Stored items

##########

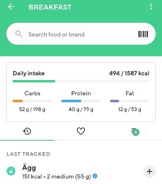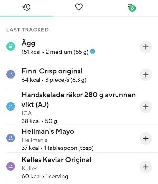 与昨天一样:当你想跟踪与以前相同的食物时,此部分很方便-你可以找到日记中列出的所有食物,并可以通过单击右侧的“+”进行跟踪
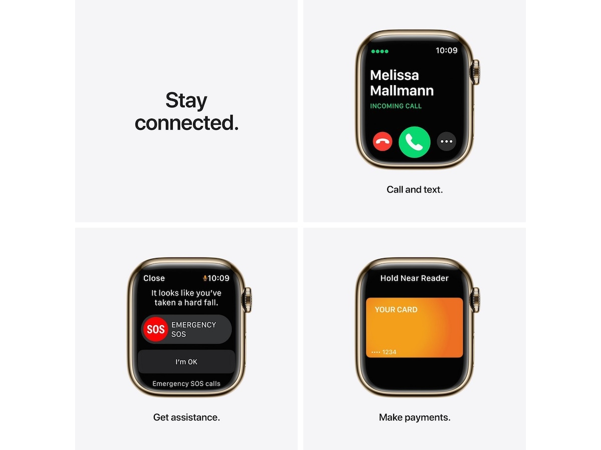 Med mobilnetværk holder Apple Watch Series 7 dig opdateret om, hvad der sker, og gør det let at holde kontakten med dem, du elsker - også når din telefon ligger derhjemme. Ring og besvar beskeder. Stream musik, podcasts og lydbøger. Og få hurtigt hjælp med nødopkald (SOS) og internationale alarmnumre.
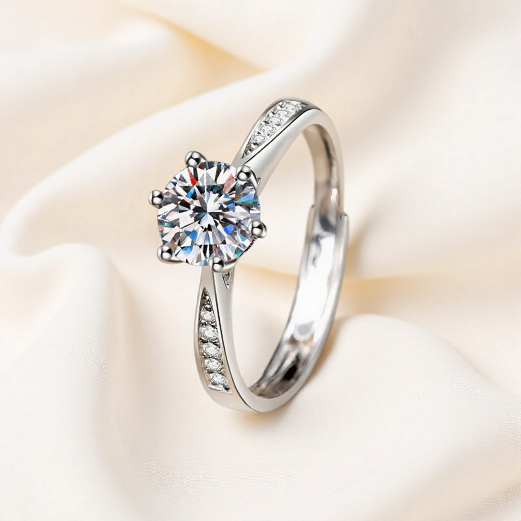 莫桑石925純銀の指輪の女性の震え音の同項の周家の六爪の経典の王冠のプロポーズの贈り物のメーカーは直接供給します。
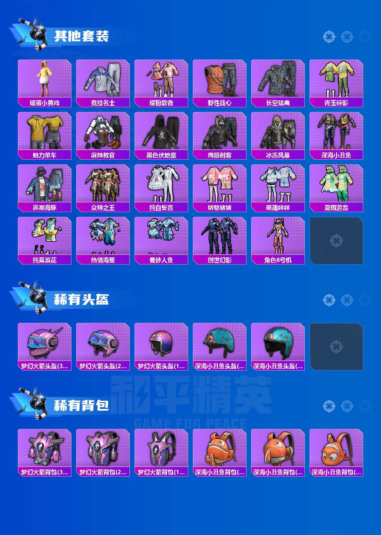 【热门品类】:粉装-梦幻火箭,套装-深海小丑鱼,角色-军刀雅典娜,套装-星河浪客,套装-暗影哥特,角色-8号机,熔岩游骑兵连帽夹克
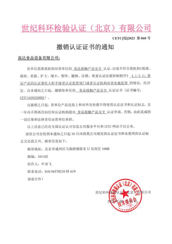 暫停使用認(rèn)證證書和認(rèn)證標(biāo)志的通知

##########

EXERCISE DIRECTIONS » What is needed is a verbatim transcription of the records, minus the pictures.

WRITTEN RESPONSE »
 与昨天一样:当你想跟踪与以前相同的食物时,此部分很方便-你可以找到日记中列出的所有食物,并可以通过单击右侧的“+”进行跟踪
 Med mobilnetværk holder Apple Watch Series 7 dig opdateret om, hvad der sker, og gør det let at holde kontakten med dem, du elsker - også når din telefon ligger derhjemme. Ring og besvar beskeder. Stream musik, podcasts og lydbøger. Og få hurtigt hjælp med nødopkald (SOS) og internationale alarmnumre.
 莫桑石925純銀の指輪の女性の震え音の同項の周家の六爪の経典の王冠のプロポーズの贈り物のメーカーは直接供給します。
 【热门品类】:粉装-梦幻火箭,套装-深海小丑鱼,角色-军刀雅典娜,套装-星河浪客,套装-暗影哥特,角色-8号机,熔岩游骑兵连帽夹克
 暫停使用認(rèn)證證書和認(rèn)證標(biāo)志的通知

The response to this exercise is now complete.